**PROMPT**
The answer should hold only the lines from the beginning of the material through the one with "Save the date", reproduced exactly and without pictures.

**DATA SECTION**
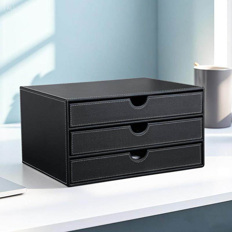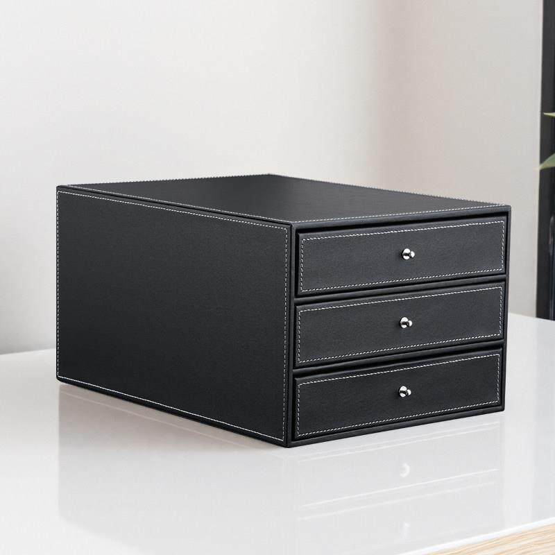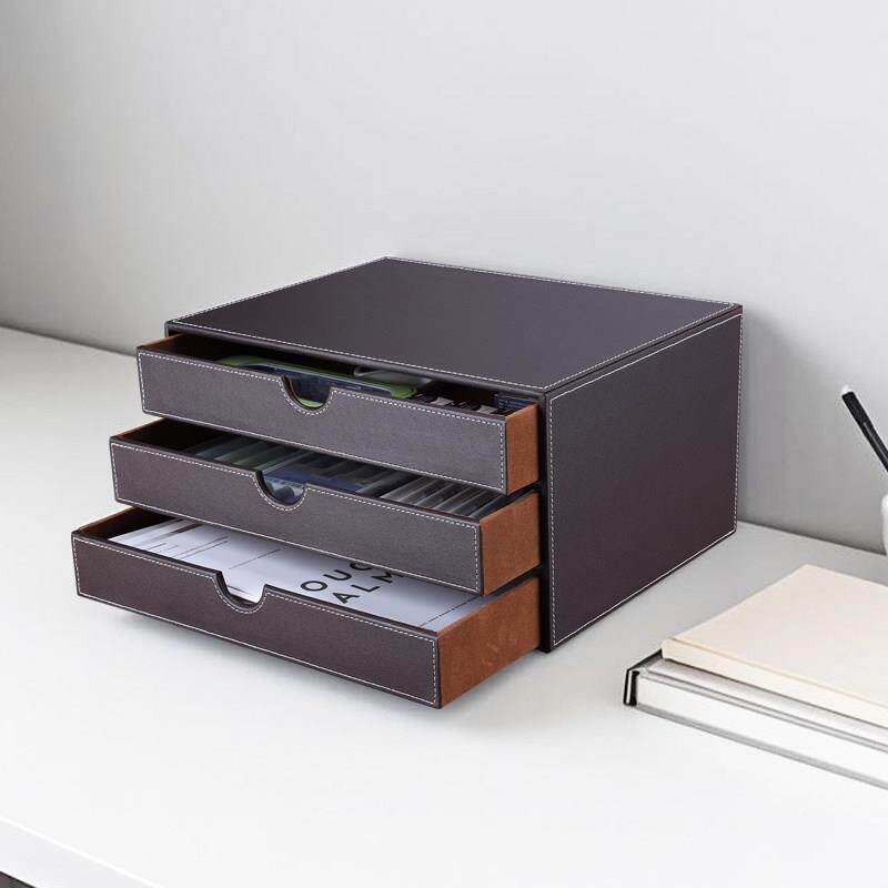 商务办公用品桌面文件柜 A4文件收纳柜 资料文件抽屉式收纳盒皮革
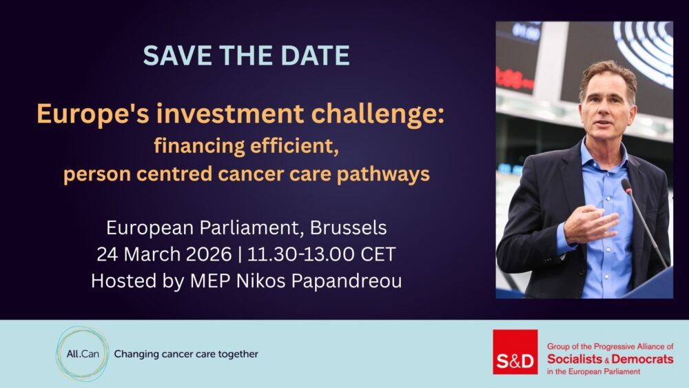 Save the date for All.Can’s event at the European Parliament: “Europe’s investment challenge: financing efficient, person-centred cancer care pathways” taking place on 24 March from 11:30-13:00 CET
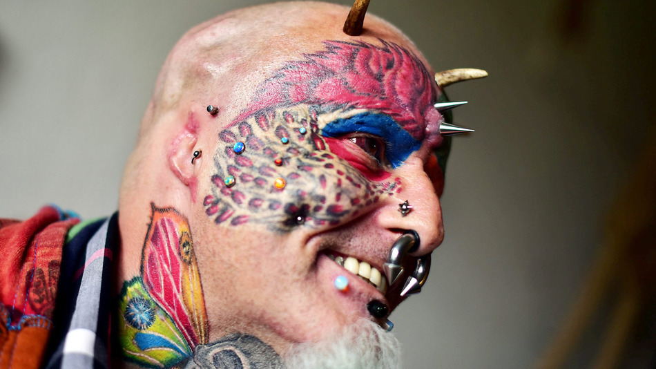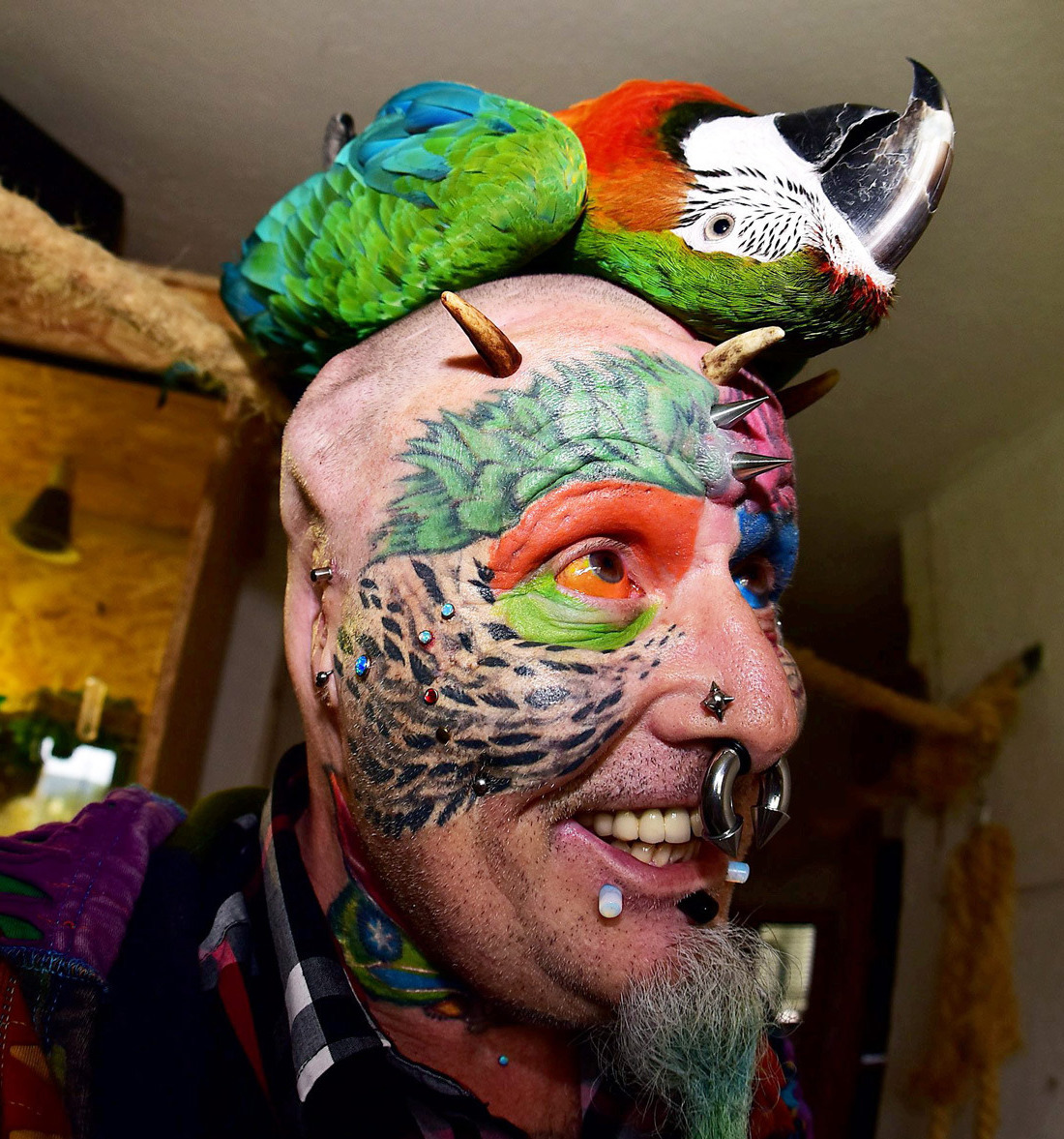 De là à dire que son suicide et ses opérations de l’extrême sont liées, il y a un pas que je m’abstiendrais de franchir. Quoiqu’il en soit, Ted Richards, 56 ans (UK), partage ce désir de « fusionner » avec son animal fétiche. Ici, le perroquet. Ou plutôt SON perroquet domestique de 5 ans. Plumes colorées tatouées sur tout le visage, piercings au nez et sur le front, injection d’encre dans les yeux (wtf) et, enfin, amputation des oreilles. Même s’il semblerait que les canaux auditives n’aient pas été affectés afin que Ted puisse continuer à entendre. Son prochain objectif ? Se faire opérer du nez afin que celui-ci ressemble à un bec ._. Damn.

**RESULT OF THE EXERCISE**
 商务办公用品桌面文件柜 A4文件收纳柜 资料文件抽屉式收纳盒皮革
 Save the date for All.Can’s event at the European Parliament: “Europe’s investment challenge: financing efficient, person-centred cancer care pathways” taking place on 24 March from 11:30-13:00 CET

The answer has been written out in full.